Saturday, October 17, 2020

The Nineteenth Sunday after Trinity

Here is the transcript of my podcast talk for the Nineteenth Sunday after Trinity. I have also posted separately the parable I have written to go with it!

The Nineteenth Sunday after Trinity

Gospel Reading: Matthew 22:15-22

At this moment, in 2020, we are living through tumultuous times. We are all having to change the way we live because of the present pandemic. The pandemic will eventually come to an end and, at the end of it, all our lives will doubtless have been affected. We are, though, also living through other events that too will permanently change our lives, more so than even the pandemic. We are witnessing huge political and social changes both in the west, not least, for example, in America with the presidential election and the BLM movement, and also here in Hong Kong with, for example, the protests and the national security law, which is China’s response to them.

This week’s Gospel reading raises, then, an important question for believers. Our Lord said, ‘Give to the emperor the things that are the emperors, and to God the things that are God’s.’ But what is the emperor’s and what is God’s? And what, more broadly, should be our attitude to the ‘emperors’ of today? How are we to view those who rule and those who aspire to rule in the world?

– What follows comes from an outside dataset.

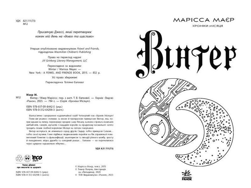 Вінтер — справжня місячанка й справжня принцеса. Як усі місячани, вона має дар впливати на свідомість, але радше помре, ніж скористається ним. Бо ж її гарненька голівка забита геть іншим. Не хитромудрі інтриги, не жага світового панування гріють ніжне серденько дівчини. Принцеса не прагне того, що пожирає розум і серце її мачухи, королеви Левани. Так само огидний їй і Емері Парк, верховний тавматург та улюблений посіпака королеви, який мріє взяти Вінтер за дружину. Принцеса любить арктичного білого вовка Рю, а ще просто марить гвардійцем Джейсіном, своїм вартовим. Однак раптом світ дівчини розбиває на друзки найдивакуватіша компанія на краденому космольоті: Сіндер, або принцеса Селена, та її строкатий почет перевертають життя Вінтер. Вони готові на все, щоб здолати її мачуху: від палких приголомшливих викриттів у залі суду до штурму королівського палацу з армією людинововків. І Вінтер! Вона теж готова… але оця її слабкість до цукрених карамельних яблучок.

Our Lord’s saying had a context, and we need to begin by seeing what that context was. In Matthew’s Gospel, the incident described in our Gospel reading took place during what we now refer to as Holy Week, that is, the week leading up to the crucifixion of our Lord. In Matthew chapter 21, St Matthew has described how our Lord, on what we know now as Palm Sunday, rode into Jerusalem on a donkey. This seemingly innocuous act, which we have domesticated and, dare I say, trivialized, was, in fact, a highly inflammatory and political act. It was how the prophet Zechariah said the Messiah, the rightful King of Israel, would enter the holy City when he appeared (Zechariah 9:9).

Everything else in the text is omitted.